Wet and wetter conditions in store for basin
The volume of water in government-owned dams in the Murray-Darling Basin is two-and-a-half times higher than at the same time two years ago.
The Murray-Darling Basin Authority’s Andrew Kremor told delegates at the national River Reflections water conference in Mildura on June 1 that the most dramatic turnaround was in the northern basin.
This was particularly the case in Queensland, which saw water in dams increase from 19 per cent to 97 per cent full in the past 24 months.
“This has certainly brought renewed optimism to many in the agriculture sector even though it’s meant some challenges with flooding, infrastructure impairment and difficulties with harvest, planting and crop damage,” Mr Kremor said.
“One important thing to note is that the much-wetter-than-average conditions are not consistent across the whole basin, with rain in the Upper Murray in March to April returning to be around average after being high in the 12 months or so prior.

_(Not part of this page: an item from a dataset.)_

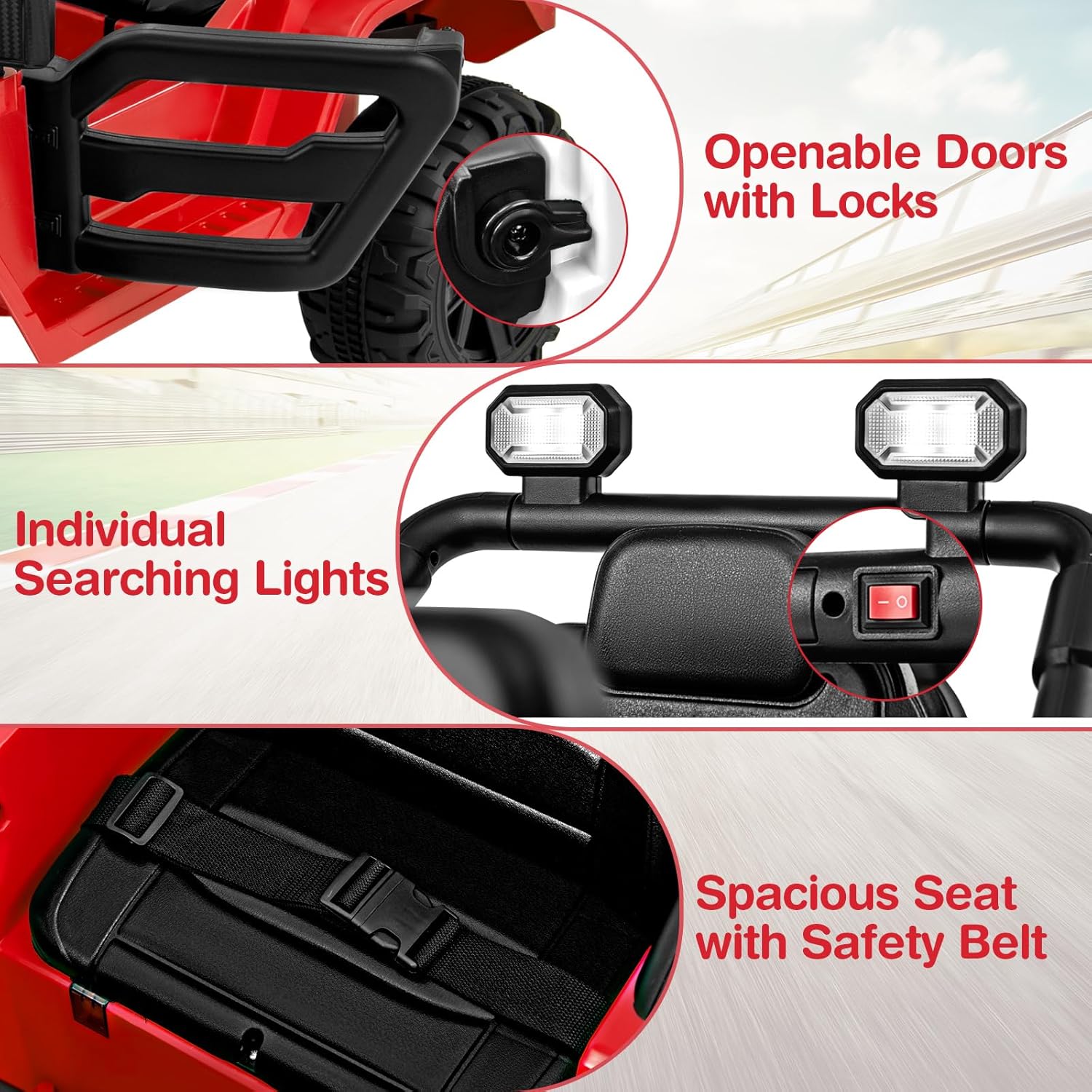 - 【Safe & Reliable Construction】 Constructed from BPA-free material, the electric ride on truck is equipped with adjustable safety belt, lockable doors to ensure durability and safety. It complies with ASTM and CPSIA standards, serving as a reliable and perfect gift for boys and girls over 3 years old.

“However, Upper Murray inflows have remained well above average with averagely-wet catchments.
“Dartmouth Dam inflows back in January were the highest on record.
“Across the whole Murray River system, active storage levels remain well above the long-term average and are likely to remain very high into the coming spring.”
Dr Kremor said the Bureau of Meteorology’s outlook was for above-average rainfall across the Murray-Darling Basin from now until August.
“This means we are in the unusual position of commencing airspace management, or pre-releases, at Hume Dam because it is still at high storage levels coming into winter, with more rain and high inflows likely,” he said.
“Further along the Murray, Lake Victoria is being operated in accordance with the agreed strategy and flows to South Australia will remain unregulated into the new water year.”
Dr Kremor said WaterNSW had moved to flood operations at Menindee Lakes with a marked rise in the volume of water expected to reach the lakes over the coming months.